Multiple queries give you n*100% speedup...
MT: I am looking at this because it looks correct, but struggling with how to implement it. The problem is that if the script continues on the HREF that is being waited for would end up getting written to a wrong position within the bookmarks.good file if it's just a slow validation or a retry, as I would assume you'd want to do. It may have orignally been in a folder named "Tcl" but end up in a folder named "Perl".
lv Bug report. After running a couple of hours, and getting about 60% done, I see this error message:
Checking 13020 sites... Checking site list element in braces followed by "</A>" instead of space while executing "lrange $line 0 $sidx" (procedure "extractSite" line 4) invoked from within "extractSite $line" (procedure "main" line 12) invoked from within "main" (file "/tmp/dl" line 130)

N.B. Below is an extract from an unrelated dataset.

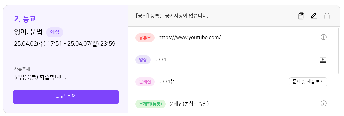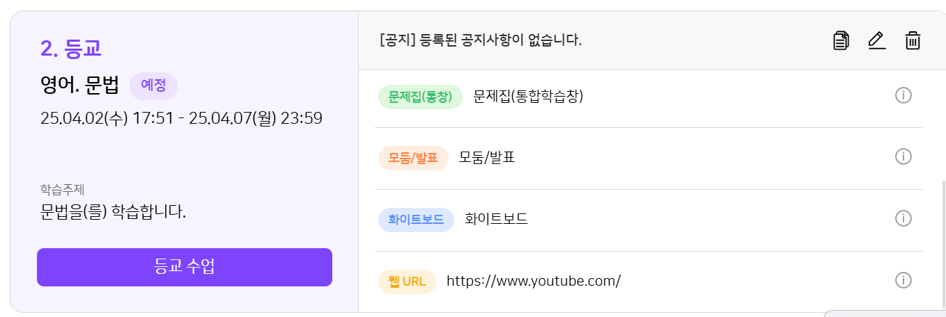 | Steps To Reproduce | 1. 나의 수업 > 콘텐츠 추가 후 수업 생성 > 수업 수정 > 콘텐츠 순서 변경 > 수업 카드에서 변경된 순서 확인 2. 해당 수업 통창 진입 > 콘텐츠 순서 변경 되었는지 확인 3. 통창에서 콘텐츠 순서 변경 > 통창 종료 후 FO 화면 새로고침 > 수업 카드 콘텐츠 순서 확인 | ||||

(where /tmp/dl is the deadlinks program)
I wonder if the cause of this would be an HREF which has {} in it - in my bookmarks file, there is at least one entry where the href is some javascript...
MT: Egads! That lrange was never even supposed to be there. I meant to use string range. However, I don't know if that's a fix for the problem. I sent you email, can you send me an example of the suspect line that includes a java/js link?
My bookmark file had 9 js links and did not fail, but when I added a set of braces like you showed the lrange line failed the same as your bug report but worked fine with the originally intnded string range. Very sorry about that. 13,000+ bookmarks? Sheesh, and I am taking pokes about have 1150.
HJG 2014-07-30 - Note that the wget program has an option "--spider".
From the documentation :
When invoked with this option, Wget will behave as a Web spider, which means that it will not download the pages, just check that they are there. For example, you can use Wget to check your bookmarks: wget --spider --force-html -i bookmarks.html
But checking the output from that, and removing the dead links is left as an exercise for the user :)